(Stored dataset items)
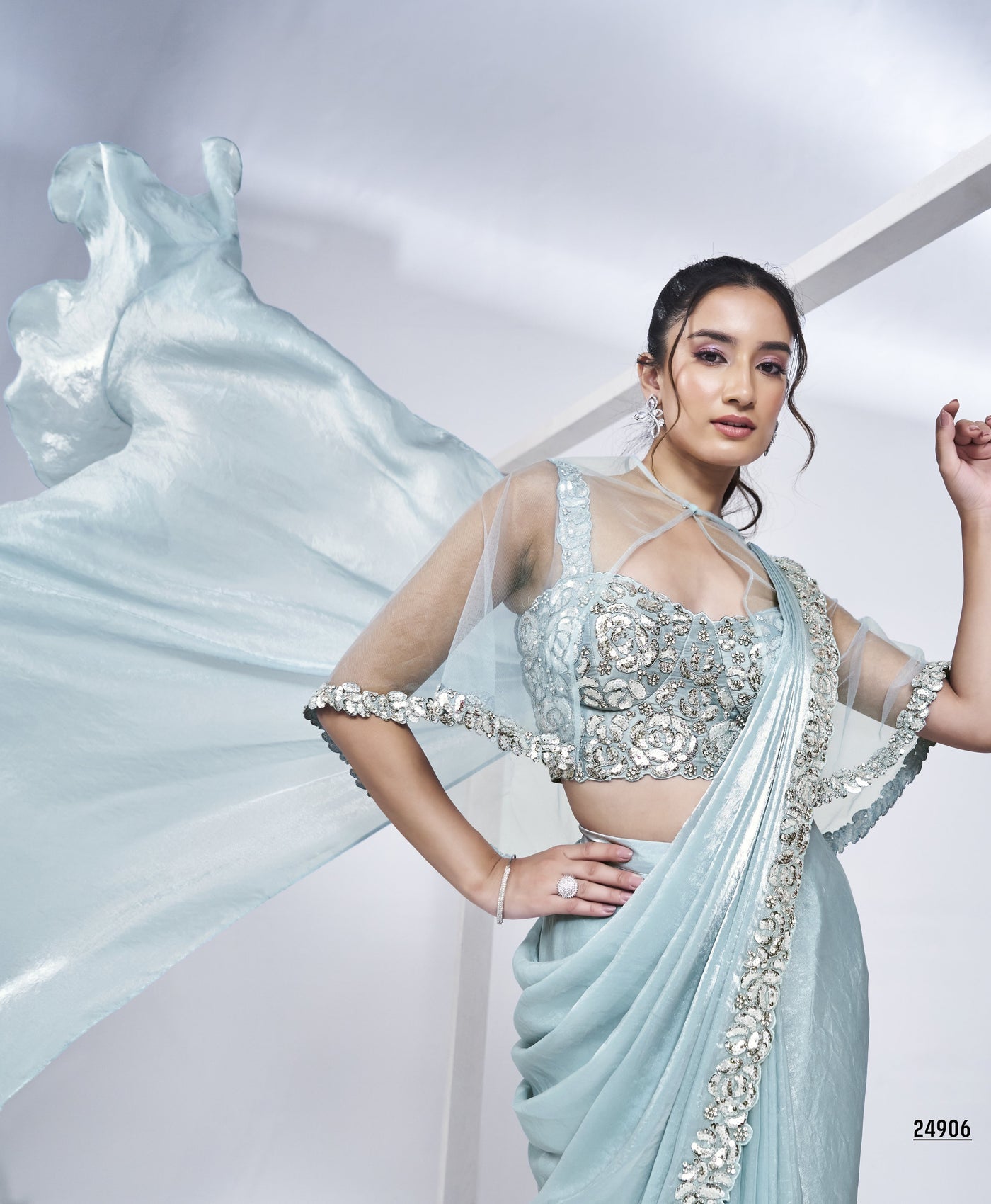 Sky Blue Two Tone Satin Silk Designer Ready to wear saree
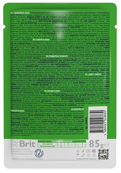 BRIT PREMIUM CAT CHICKEN SLICES FOR STERILISED д кастрир и стер кош с курицей в соусе пауч 85 гр 85 гр х 4 шт
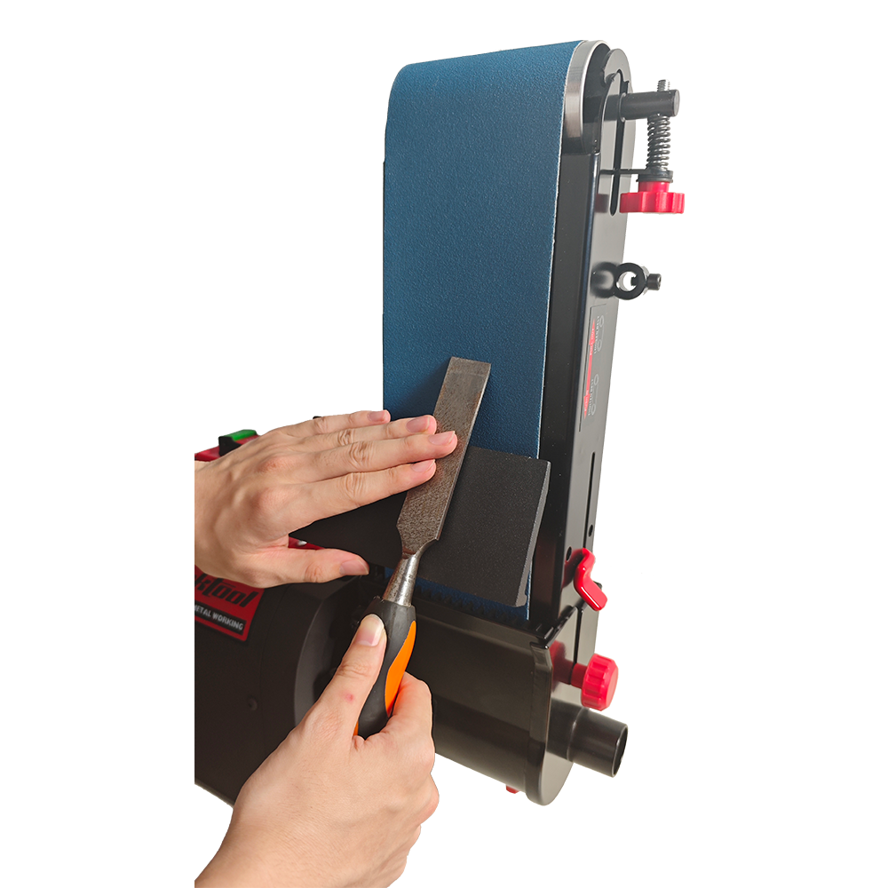 Comes with a removable knife grinding jig that installs easily on the sanding belt platen — ideal for sharpening blades, chisels, and tools. Detach it quickly when not needed. -
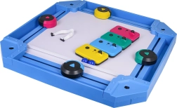 Arena robustă din plastic, cu margini înălțate, menține jocul sub control, iar discurile și modulele de palete colorate oferă claritate și stil. Elementele de joc sunt alimentate de acumulatori 3,7 V (incluși), iar telecomenzile folosesc baterii 2× AA 1,5 V (neincluse). Ideal ca cadou și o alegere excelentă pentru distracție activă fără ecrane.
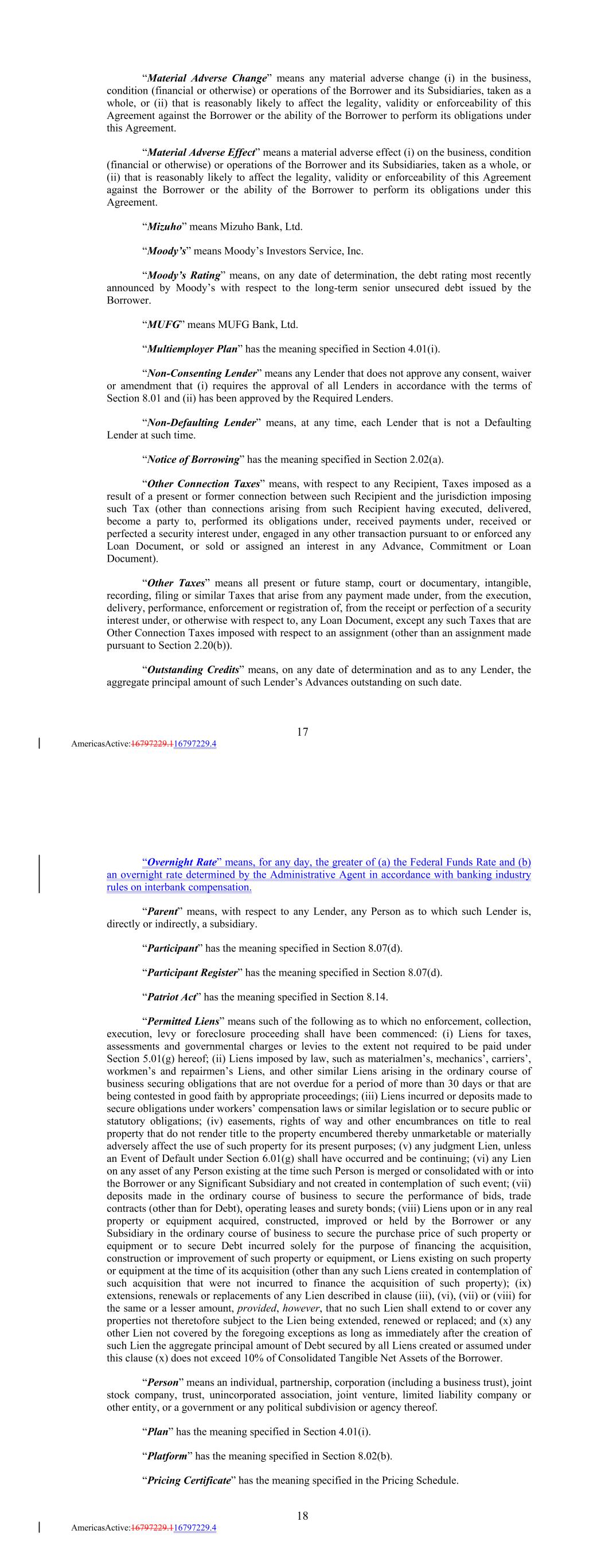 “Material Adverse Change” means any material adverse change (i) in the business, condition (financial or otherwise) or operations of the Borrower and its Subsidiaries, taken as a whole, or (ii) that is reasonably likely to affect the legality, validity or enforceability of this Agreement against the Borrower or the ability of the Borrower to perform its obligations under this Agreement. “Material Adverse Effect” means a material adverse effect (i) on the business, condition (financial or otherwise) or operations of the Borrower and its Subsidiaries, taken as a whole, or (ii) that is reasonably likely to affect the legality, validity or enforceability of this Agreement against the Borrower or the ability of the Borrower to perform its obligations under this Agreement. “Mizuho” means Mizuho Bank, Ltd. “Moody’s” means Moody’s Investors Service, Inc. “Moody’s Rating” means, on any date of determination, the debt rating most recently announced by Moody’s with respect to the long-term senior unsecured debt issued by the Borrower. “MUFG” means MUFG Bank, Ltd. “Multiemployer Plan” has the meaning specified in Section 4.01(i). “Non-Consenting Lender” means any Lender that does not approve any consent, waiver or amendment that (i) requires the approval of all Lenders in accordance with the terms of Section 8.01 and (ii) has been approved by the Required Lenders. “Non-Defaulting Lender” means, at any time, each Lender that is not a Defaulting Lender at such time. “Notice of Borrowing” has the meaning specified in Section 2.02(a). “Other Connection Taxes” means, with respect to any Recipient, Taxes imposed as a result of a present or former connection between such Recipient and the jurisdiction imposing such Tax (other than connections arising from such Recipient having executed, delivered, become a party to, performed its obligations under, received payments under, received or perfected a security interest under, engaged in any other transaction pursuant to or enforced any Loan Document, or sold or assigned an interest in any Advance, Commitment or Loan Document). “Other Taxes” means all present or future stamp, court or documentary, intangible, recording, filing or similar Taxes that arise from any payment made under, from the execution, delivery, performance, enforcement or registration of, from the receipt or perfection of a security interest under, or otherwise with respect to, any Loan Document, except any such Taxes that are Other Connection Taxes imposed with respect to an assignment (other than an assignment made pursuant to Section 2.20(b)). “Outstanding Credits” means, on any date of determination and as to any Lender, the aggregate principal amount of such Lender’s Advances outstanding on such date. 17 AmericasActive:16797229.116797229.4 “Overnight Rate” means, for any day, the greater of (a) the Federal Funds Rate and (b) an overnight rate determined by the Administrative Agent in accordance with banking industry rules on interbank compensation. “Parent” means, with respect to any Lender, any Person as to which such Lender is, directly or indirectly, a subsidiary. “Participant” has the meaning specified in Section 8.07(d). “Participant Register” has the meaning specified in Section 8.07(d). “Patriot Act” has the meaning specified in Section 8.14. “Permitted Liens” means such of the following as to which no enforcement, collection, execution, levy or foreclosure proceeding shall have been commenced: (i) Liens for taxes, assessments and governmental charges or levies to the extent not required to be paid under Section 5.01(g) hereof; (ii) Liens imposed by law, such as materialmen’s, mechanics’, carriers’, workmen’s and repairmen’s Liens, and other similar Liens arising in the ordinary course of business securing obligations that are not overdue for a period of more than 30 days or that are being contested in good faith by appropriate proceedings; (iii) Liens incurred or deposits made to secure obligations under workers’ compensation laws or similar legislation or to secure public or statutory obligations; (iv) easements, rights of way and other encumbrances on title to real property that do not render title to the property encumbered thereby unmarketable or materially adversely affect the use of such property for its present purposes; (v) any judgment Lien, unless an Event of Default under Section 6.01(g) shall have occurred and be continuing; (vi) any Lien on any asset of any Person existing at the time such Person is merged or consolidated with or into the Borrower or any Significant Subsidiary and not created in contemplation of such event; (vii) deposits made in the ordinary course of business to secure the performance of bids, trade contracts (other than for Debt), operating leases and surety bonds; (viii) Liens upon or in any real property or equipment acquired, constructed, improved or held by the Borrower or any Subsidiary in the ordinary course of business to secure the purchase price of such property or equipment or to secure Debt incurred solely for the purpose of financing the acquisition, construction or improvement of such property or equipment, or Liens existing on such property or equipment at the time of its acquisition (other than any such Liens created in contemplation of such acquisition that were not incurred to finance the acquisition of such property); (ix) extensions, renewals or replacements of any Lien described in clause (iii), (vi), (vii) or (viii) for the same or a lesser amount, provided, however, that no such Lien shall extend to or cover any properties not theretofore subject to the Lien being extended, renewed or replaced; and (x) any other Lien not covered by the foregoing exceptions as long as immediately after the creation of such Lien the aggregate principal amount of Debt secured by all Liens created or assumed under this clause (x) does not exceed 10% of
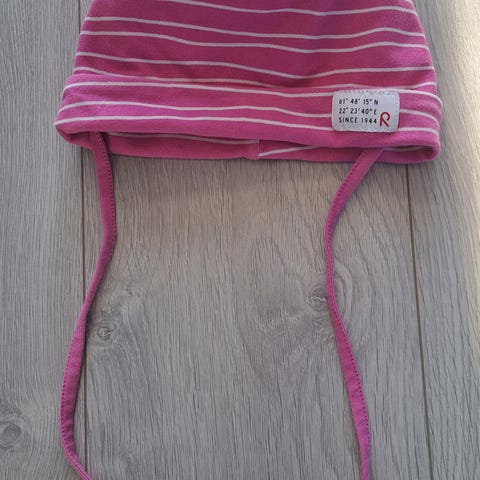 Puuvillainen trikoopipo hyvässä käytetyssä kunnossa. Sopii n. 1-2-vuotiaan päähän.
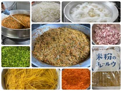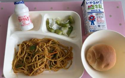 「カレースパゲッティ」は豚ひき肉を主材に、ベーコンで旨みを増し、カレールウの素などで味つけしたスパゲッティです。子どもたちに大好評な献立です。
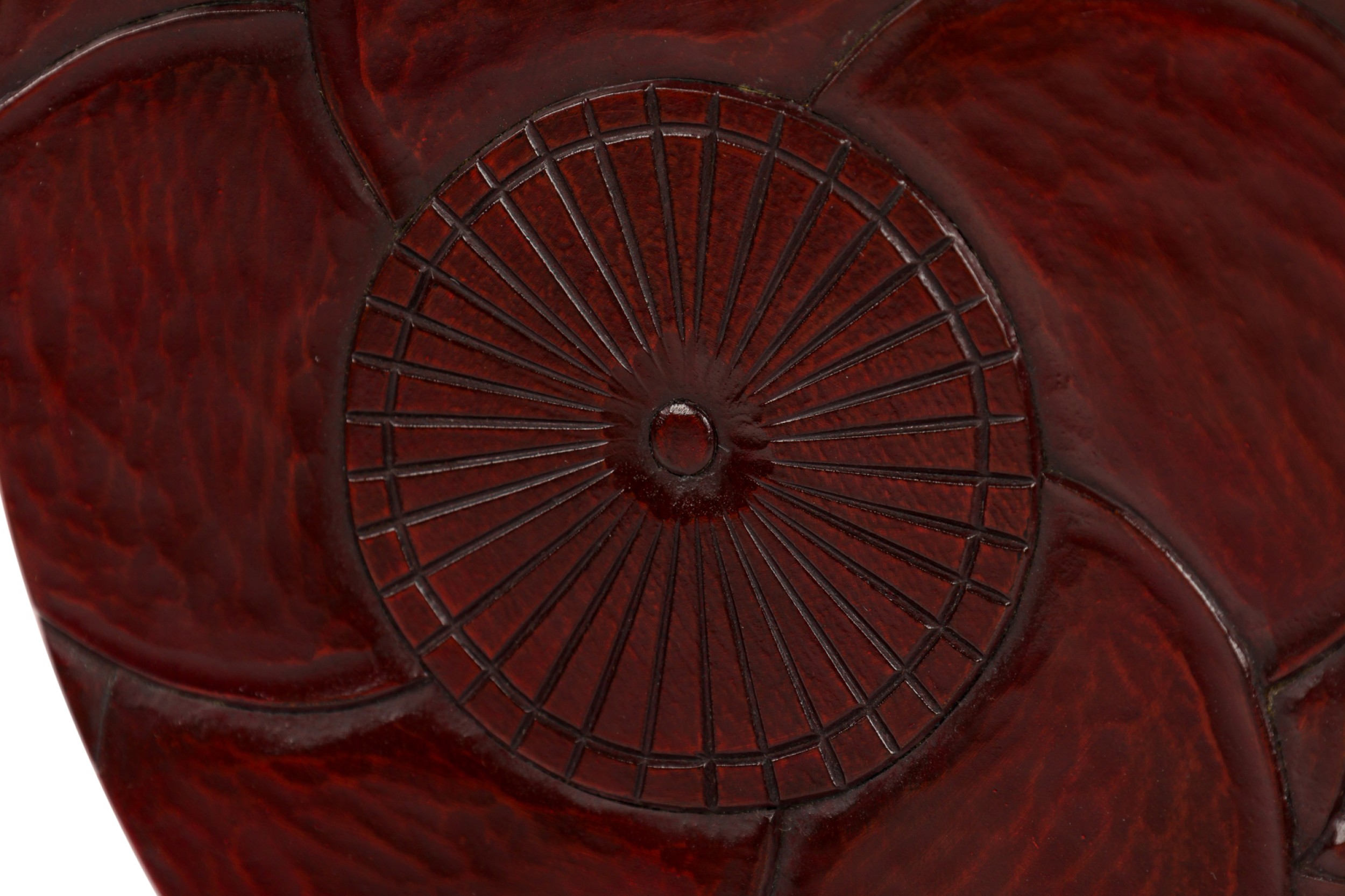Japanese Kamakura-bor red lacquered wall plaque of a plate with two flowers.

_What is required_
Please return the records as they stand, word for word, with no pictures.

_Answer below_
 Sky Blue Two Tone Satin Silk Designer Ready to wear saree
 BRIT PREMIUM CAT CHICKEN SLICES FOR STERILISED д кастрир и стер кош с курицей в соусе пауч 85 гр 85 гр х 4 шт
 Comes with a removable knife grinding jig that installs easily on the sanding belt platen — ideal for sharpening blades, chisels, and tools. Detach it quickly when not needed. -
 Arena robustă din plastic, cu margini înălțate, menține jocul sub control, iar discurile și modulele de palete colorate oferă claritate și stil. Elementele de joc sunt alimentate de acumulatori 3,7 V (incluși), iar telecomenzile folosesc baterii 2× AA 1,5 V (neincluse). Ideal ca cadou și o alegere excelentă pentru distracție activă fără ecrane.
 “Material Adverse Change” means any material adverse change (i) in the business, condition (financial or otherwise) or operations of the Borrower and its Subsidiaries, taken as a whole, or (ii) that is reasonably likely to affect the legality, validity or enforceability of this Agreement against the Borrower or the ability of the Borrower to perform its obligations under this Agreement. “Material Adverse Effect” means a material adverse effect (i) on the business, condition (financial or otherwise) or operations of the Borrower and its Subsidiaries, taken as a whole, or (ii) that is reasonably likely to affect the legality, validity or enforceability of this Agreement against the Borrower or the ability of the Borrower to perform its obligations under this Agreement. “Mizuho” means Mizuho Bank, Ltd. “Moody’s” means Moody’s Investors Service, Inc. “Moody’s Rating” means, on any date of determination, the debt rating most recently announced by Moody’s with respect to the long-term senior unsecured debt issued by the Borrower. “MUFG” means MUFG Bank, Ltd. “Multiemployer Plan” has the meaning specified in Section 4.01(i). “Non-Consenting Lender” means any Lender that does not approve any consent, waiver or amendment that (i) requires the approval of all Lenders in accordance with the terms of Section 8.01 and (ii) has been approved by the Required Lenders. “Non-Defaulting Lender” means, at any time, each Lender that is not a Defaulting Lender at such time. “Notice of Borrowing” has the meaning specified in Section 2.02(a). “Other Connection Taxes” means, with respect to any Recipient, Taxes imposed as a result of a present or former connection between such Recipient and the jurisdiction imposing such Tax (other than connections arising from such Recipient having executed, delivered, become a party to, performed its obligations under, received payments under, received or perfected a security interest under, engaged in any other transaction pursuant to or enforced any Loan Document, or sold or assigned an interest in any Advance, Commitment or Loan Document). “Other Taxes” means all present or future stamp, court or documentary, intangible, recording, filing or similar Taxes that arise from any payment made under, from the execution, delivery, performance, enforcement or registration of, from the receipt or perfection of a security interest under, or otherwise with respect to, any Loan Document, except any such Taxes that are Other Connection Taxes imposed with respect to an assignment (other than an assignment made pursuant to Section 2.20(b)). “Outstanding Credits” means, on any date of determination and as to any Lender, the aggregate principal amount of such Lender’s Advances outstanding on such date. 17 AmericasActive:16797229.116797229.4 “Overnight Rate” means, for any day, the greater of (a) the Federal Funds Rate and (b) an overnight rate determined by the Administrative Agent in accordance with banking industry rules on interbank compensation. “Parent” means, with respect to any Lender, any Person as to which such Lender is, directly or indirectly, a subsidiary. “Participant” has the meaning specified in Section 8.07(d). “Participant Register” has the meaning specified in Section 8.07(d). “Patriot Act” has the meaning specified in Section 8.14. “Permitted Liens” means such of the following as to which no enforcement, collection, execution, levy or foreclosure proceeding shall have been commenced: (i) Liens for taxes, assessments and governmental charges or levies to the extent not required to be paid under Section 5.01(g) hereof; (ii) Liens imposed by law, such as materialmen’s, mechanics’, carriers’, workmen’s and repairmen’s Liens, and other similar Liens arising in the ordinary course of business securing obligations that are not overdue for a period of more than 30 days or that are being contested in good faith by appropriate proceedings; (iii) Liens incurred or deposits made to secure obligations under workers’ compensation laws or similar legislation or to secure public or statutory obligations; (iv) easements, rights of way and other encumbrances on title to real property that do not render title to the property encumbered thereby unmarketable or materially adversely affect the use of such property for its present purposes; (v) any judgment Lien, unless an Event of Default under Section 6.01(g) shall have occurred and be continuing; (vi) any Lien on any asset of any Person existing at the time such Person is merged or consolidated with or into the Borrower or any Significant Subsidiary and not created in contemplation of such event; (vii) deposits made in the ordinary course of business to secure the performance of bids, trade contracts (other than for Debt), operating leases and surety bonds; (viii) Liens upon or in any real property or equipment acquired, constructed, improved or held by the Borrower or any Subsidiary in the ordinary course of business to secure the purchase price of such property or equipment or to secure Debt incurred solely for the purpose of financing the acquisition, construction or improvement of such property or equipment, or Liens existing on such property or equipment at the time of its acquisition (other than any such Liens created in contemplation of such acquisition that were not incurred to finance the acquisition of such property); (ix) extensions, renewals or replacements of any Lien described in clause (iii), (vi), (vii) or (viii) for the same or a lesser amount, provided, however, that no such Lien shall extend to or cover any properties not theretofore subject to the Lien being extended, renewed or replaced; and (x) any other Lien not covered by the foregoing exceptions as long as immediately after the creation of such Lien the aggregate principal amount of Debt secured by all Liens created or assumed under this clause (x) does not exceed 10% of
 Puuvillainen trikoopipo hyvässä käytetyssä kunnossa. Sopii n. 1-2-vuotiaan päähän.
 「カレースパゲッティ」は豚ひき肉を主材に、ベーコンで旨みを増し、カレールウの素などで味つけしたスパゲッティです。子どもたちに大好評な献立です。
Japanese Kamakura-bor red lacquered wall plaque of a plate with two flowers.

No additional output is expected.